Today I was reading in the Financial Times a piece about the Lenovo acquisition of IBM's PC business. The piece was timely as I'm just in the middle of writing a section of the book on the organizational culture implications of acquisitions. Additionally I am a ThinkPad user and my current one (bought in 2007) has logos of both IBM and Lenovo so I have a certain amount of interest in the well being of the organization – particularly in terms of its customer support services.
The FT article didn't say much about the cultural implications of the acquisition, but I imagined that they would have been significant at the time and are probably still a 'work in progress'. This thought led me to a bit of investigation and I came across a useful, in-depth, article from Asia Times Online written at the time of the merger (announced 8 December 2004, completed 1 May 2005) which
raises the tricky human resource issues. Lenovo is a Chinese company, where a mandatory break for exercise at noon is part of the corporate culture. Expat Americans working with IBM have tended to describe the acquisition among themselves as a "Niagara Falls of tears". The cultural differences apart, this staff would have to draw Chinese salaries in the new company as Lenovo imposes "local hire" conditions on them in place of the dollar salaries they were drawing till now. This staff also cannot apply for IBM jobs since they are banned from doing so under the terms of the sell-off agreement.
Getting deeper into the digging I found an excellent presentation given to the EIASM Workshop on International Strategy and Cross-Cultural Management, Helsinki, September 24-26 2009, called How, Where and Why Culture Matters in Mergers and Acquisitions: A Research Synthesis and Agenda for Future Research and presented by Günter K. Stahl, WU Vienna and INSEAD. It mentioned the Lenovo acquisition of IBM calling it "A marriage across 12 time zones" with some snippets of information apparently drawn from an INSEAD case study of that name that I'd love to get.

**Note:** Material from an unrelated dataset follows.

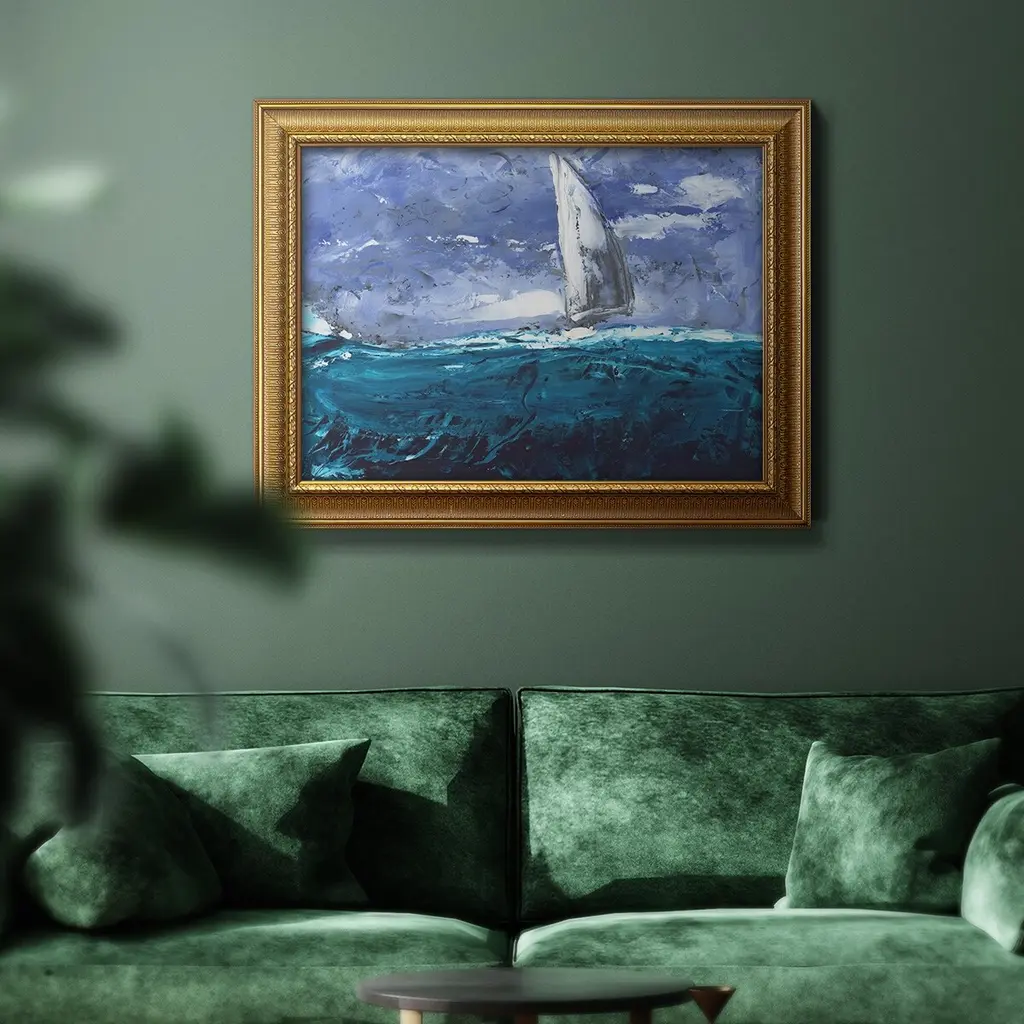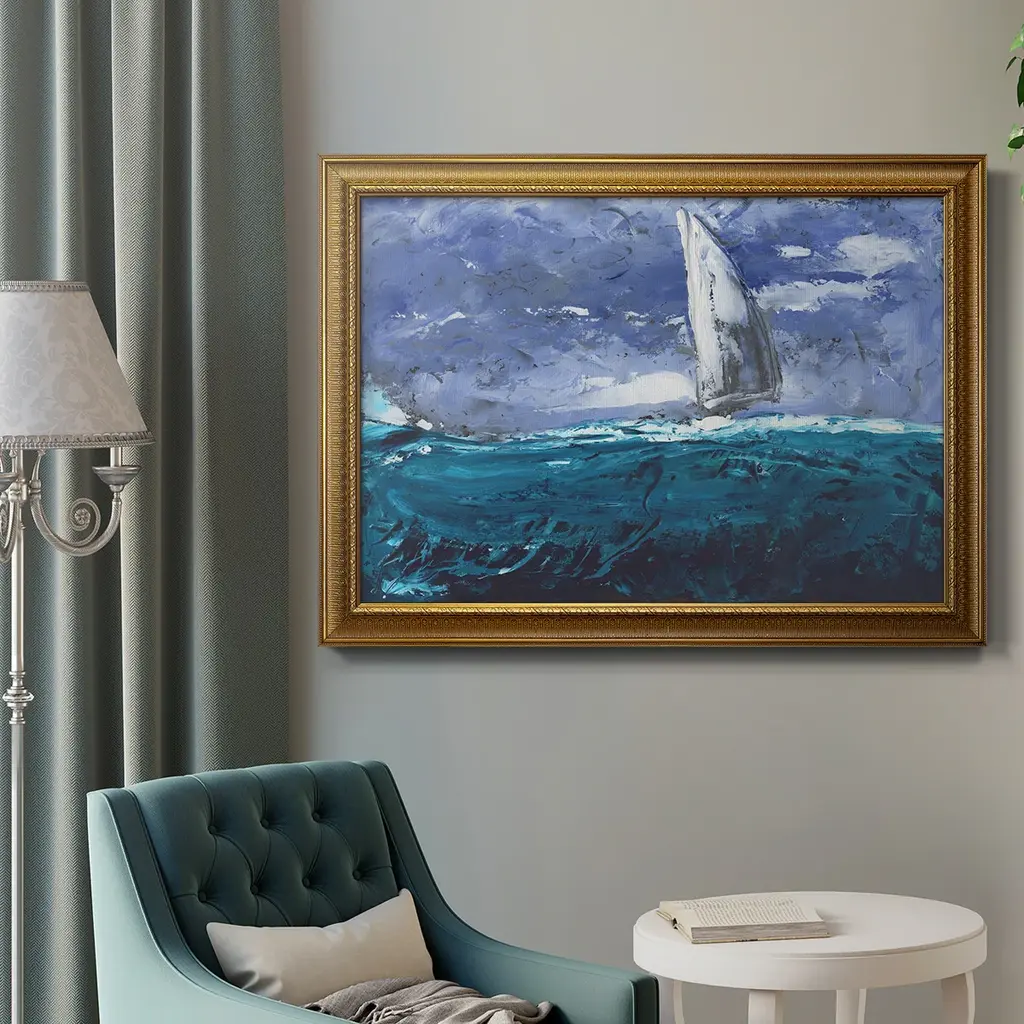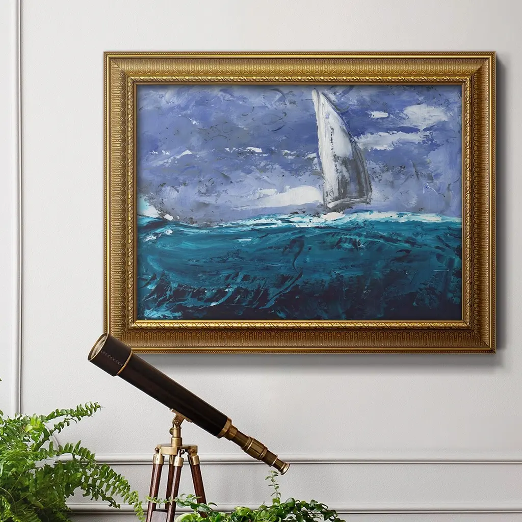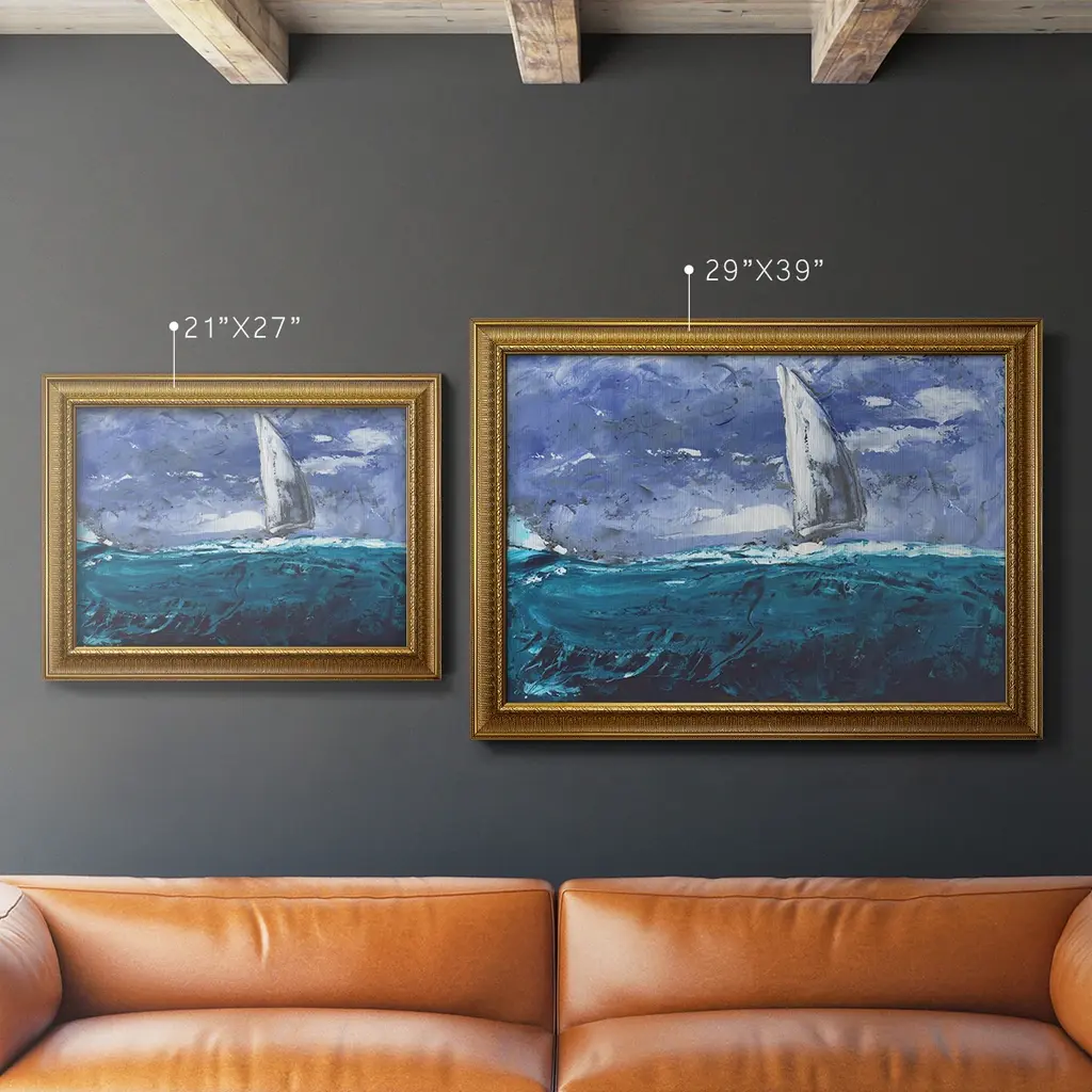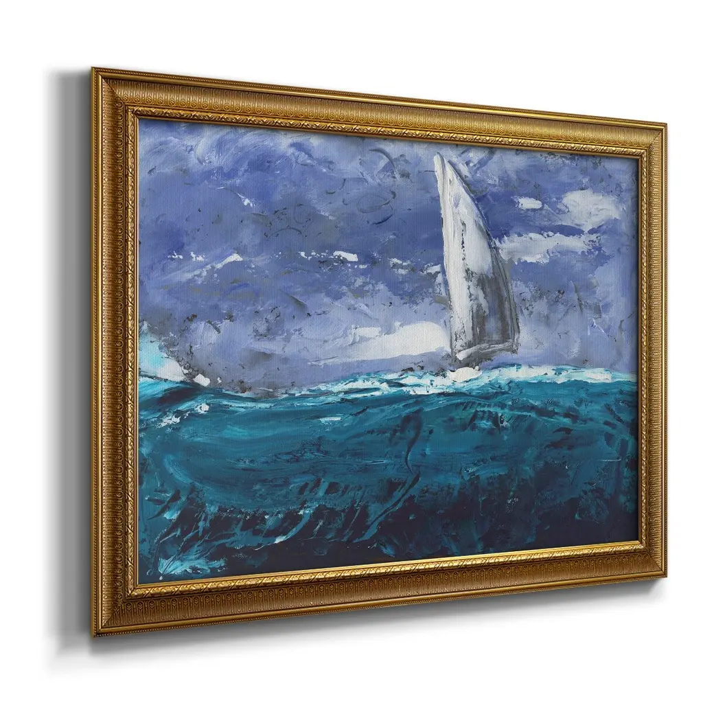 Sail Ho I Premium Framed Canvas- Ready to Hang A Premium Framed Canvas created to last. Framed in distressed wood and available in an array of sizes and colors Featuring a beveled a solid wood stretcher bar, each piece comes ready to hand 3 SIZES AVAILABLE 16''X20'' - Overall Size 18'X27'' - Overall Size 24''x36'' - Overall Size Each piece is made to order. Each piece comes with hanging hardware. Made in the USA Ready to Hang Giclee Paper Print Acrylic Glass Beveled Matt Board

Two points stood out for me on reading the presentation:
• Cultural differences (in acquisitions) present a "double-edged sword" – they may be positively or negatively associated with M&A performance, depending on contingencies such as the degree of relatedness and integration design.
• Issues (around mergers and acquisitions) that deserve more research attention include:
– the temporal dynamics of the sociocultural integration process;
– the role of context in shaping the performance effects of cultural differences;
– how differences in culture facilitate or undermine the transfer of capabilities, resource sharing and learning.
The final page of the presentation promoted Stahl's book Mergers and Acquisitions: Managing Culture and Human Resources. Günter K. Stahl and Mark E. Mendenhall – wish is now added to my Amazon wish list (currently standing at 231 items!)